Project Euler
- Website type: Series of computational mathematics problems
- Creator: Colin Hughes
- Website: projecteuler.net
- Commercial: No
- Registration: Free
- Launched: 5 October 2001

= Project Euler =

Website and series of mathematical challenges

Project Euler (named after Leonhard Euler) is a website dedicated to a series of computational problems intended to be solved with computer programs. The project attracts graduates and students interested in mathematics and computer programming. Since its creation in 2001 by Colin Hughes, Project Euler has gained notability and popularity worldwide. It includes 1007 problems as of July 2026, with a new one added approximately every week. Problems are of varying difficulty, but each is solvable in less than a minute of CPU time using an efficient algorithm on a modestly powered computer.

==Features of the site==
A forum specific to each question may be viewed after the user has correctly answered the given question. Problems can be sorted on ID, number solved and difficulty. Participants can track their progress through achievement levels based on the number of problems solved. A new level is reached for every 25 problems solved. Special awards exist for solving special combinations of problems. For instance, there is an award for solving fifty prime numbered problems. A special "Eulerians" level exists to track achievement based on the fastest fifty solvers of recent problems so that newer members can compete without solving older problems.

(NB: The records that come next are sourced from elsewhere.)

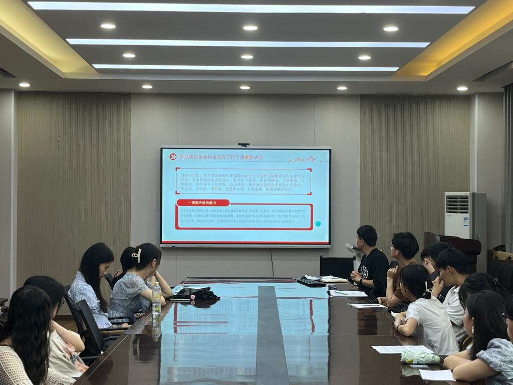6月16日,人文学院本科汉语言党支部于人文楼326会议室学习习近平总书记在听取陕西省委和省政府工作汇报时重要讲话精神。本次大会由党支部书记刘杨扬主持,全体党员参加。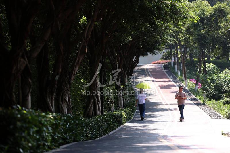 2023年5月17日,市民走在重庆市大渡口区重钢崖线山城步道上。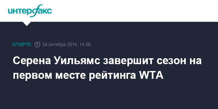 Москва. 24 октября. INTERFAX.RU - Американская теннисистка Серена Уильямс завершит сезон в качестве лидера рейтинга WTA.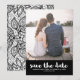 Romantic snöre tittar på bröllop spara datum-kortet i glamoröst svartvitt. Lägg bara till information och favoritfoto för att göra den här vackra designen till din egen.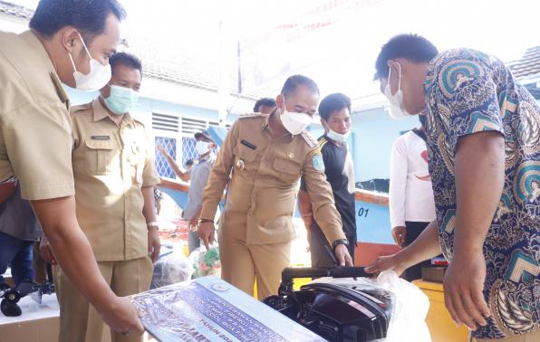 Sungailiat - Pemerintah Kabupaten Bangka menyerahkan lima unit kapal bagi kelompok nelayan yang berlangsung di Dinas Perikanan Kabupaten Bangka, Senin (22/11/2021). Bantuan tersebut diberikan guna meningkatkan kesejahteraan para nelayan khususnya di Kabupaten Bangka.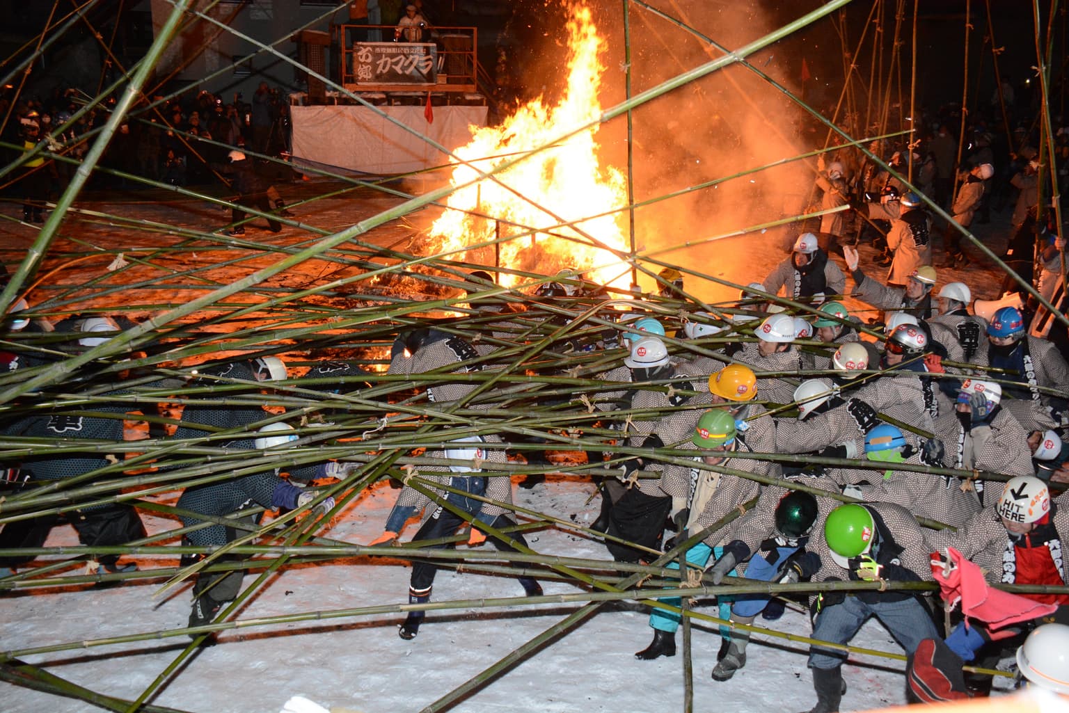 小正月行事のドンド焼きのひとつ。夜、町を南軍北軍の二手に分け、青竹を手に諏訪神社の境内前かまくら畑で、中央の燃える松ニオ(正月の松飾りなどを集めて作ったもの)を挟んで、ホラ貝を合図に激しく竹を打ち合う。打ち合いは3回に分けて行われ、勝敗によりその年の豊凶を占っている。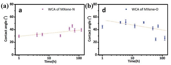Water contact angle of MXene-N (a) and MXene-O (b) over storing time. Reproduced from [80], with the permission of the Royal Society of Chemistry.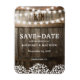 Gipsófila rústica corda de luzes casamento save the date ímã de geladeira com fundo de barril de carvalho de celeiro country, luzes cintilantes, baby's breath, seu monograma e texto de casamento moderno. Encontre outros cartões de save the date de madeira para casamento em http://www.zazzle.com/special_stationery*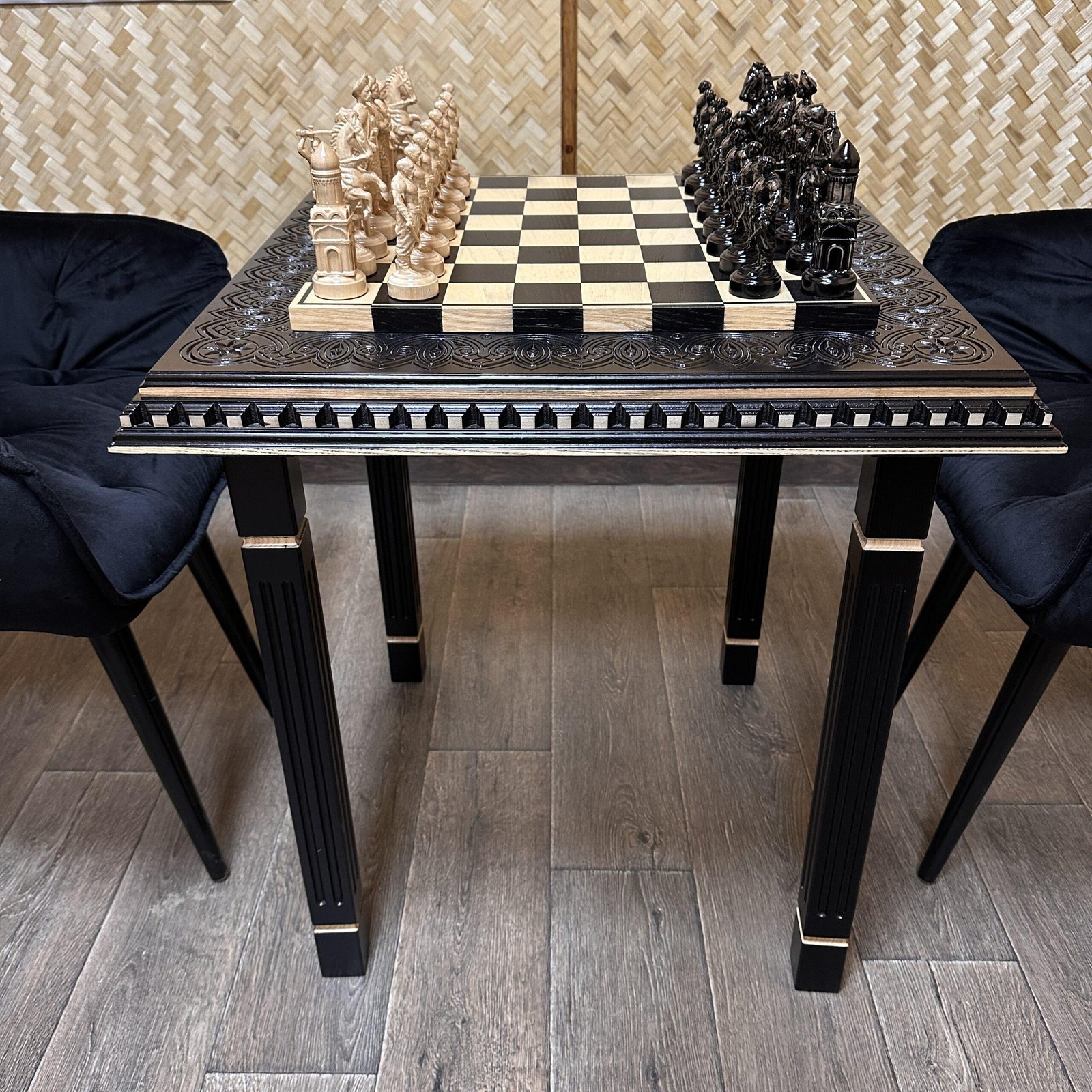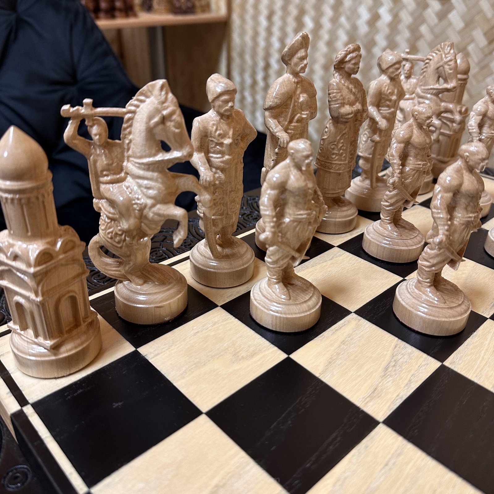 This exclusive chess set combines an elegant natural ash table with unique Ukrainian Cossack figures. The table stands on four carved legs, is finished in black and beige tones, and is adorned with decorative carvings.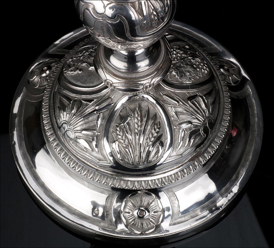 Bello y antiguo cáliz de plata maciza con contrastes, fabricado en París, Francia a principios de siglo XIX (según los contrastes, entre 1819 y 1838). El cáliz está en muy buenas condiciones y destaca por su bella decoración y su calidad. Muestra un diseño clásico y estilizado, con una elaborada decoración que combina simbología religiosa y una escena del Nuevo Testamento. El cáliz se presenta con una patena de plata maciza dorada de factura posterior (hacia finales del siglo XIX). Ambas piezas se guardan en un estuche antiguo, diseñado especialmente para este tipo de conjuntos litúrgicos.

== Example problem and solutions ==
The first Project Euler problem is Multiples of 3 and 5
If we list all the natural numbers below 10 that are multiples of 3 or 5, we get 3, 5, 6 and 9. The sum of these multiples is 23.

Find the sum of all the multiples of 3 or 5 below 1000.

It is a difficulty level 0 problem, indicating it is one of the easiest on the site. The initial approach a beginner can come up with is a bruteforce attempt. Given the upper bound of 1000 in this case, a bruteforce is easily achievable for most current home computers. A Python code that solves it is presented below.

def solve(limit: int) -> int:
    total = 0
    for i in range(limit):
        if i % 3 == 0 or i % 5 == 0:
            total += i
    return total

print(solve(1000))

This solution has a Big O notation of $O(n)$. A user could keep refining their solution for any given problem further. In this case, there exists a constant time solution for the problem.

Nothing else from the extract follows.